On Wednesday afternoon, that appeals court suspended the order. An MSF spokesperson confirmed to Agence France-Presse (AFP) that this ruling allows the Geo Barents to be “free to return to the Mediterranean.”
Desperate refugees Doctors Without Borders want to help
Ahead of the decision, MSF’s president surgeon Christos Christou, said Italy’s accusations that the group had failed to provide timely information to coordinating authorities during multiple rescues it carried out on August 23 were baseless.
He accused Italy of creating obstacles to saving refugees in the Mediterranean, and told AFP:
I felt I had to come here (to Salerno) to advocate about how unfair it is to detain the Geo Barents for 60 days while there is so much happening in the Mediterranean
Under Italy’s law, vessels operated by rescue charities are obliged to only perform one rescue at a time. It’s a system the groups claim is inefficient and puts lives at risk.
Christou said that on August 23, having just completed a rescue and following instructions from Italian authorities to head to port, it witnessed another refugee boat in distress and went to help. He said:
People were jumping into the sea. They were there, helpless, without any life vests.

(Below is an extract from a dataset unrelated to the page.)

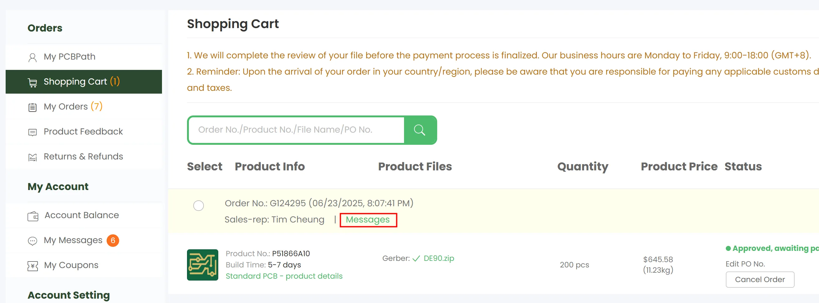 For any specific order, click the Messages link next to it to directly communicate with the assigned customer service team about that order.

We were trying to contact the Libyan coast guard again but there was no response. Looking at the people in the sea, in that moment the only thing you must do is to offer a hand and pull them out of the sea.
‘Pattern of obstacles’
The detention of the Geo Barents was the ship’s third such blockage under an Italian decree-law from January 2023 that has also led to the seizure of rescue ships from humanitarian charity groups such as France’s SOS Mediterranee and Germany’s Sea-Eye and Sea-Watch for periods up to 60 days.
Like Wednesday’s decision by the Salerno appeals court, other courts have similarly overturned such detention orders, most recently in June.
Christou said Italy’s detentions of NGO rescue vessels fit a “pattern of measures and ways to create obstacles to what we do in the Mediterranean”. He continued:
With this government in Italy we can clearly see the intention: they really want to criminalise the humanitarian aid provided by civil sea rescue ships.
Ahead of the court ruling, the interior ministry spokesman declined to comment to AFP on the matter.
Italy’s interior minister Matteo Piantedosi has previously said the “rules of conduct” for the charity ships are intended to “make their activity more functional” in coordination with Italy’s coastguard, which rescues the bulk of refugees.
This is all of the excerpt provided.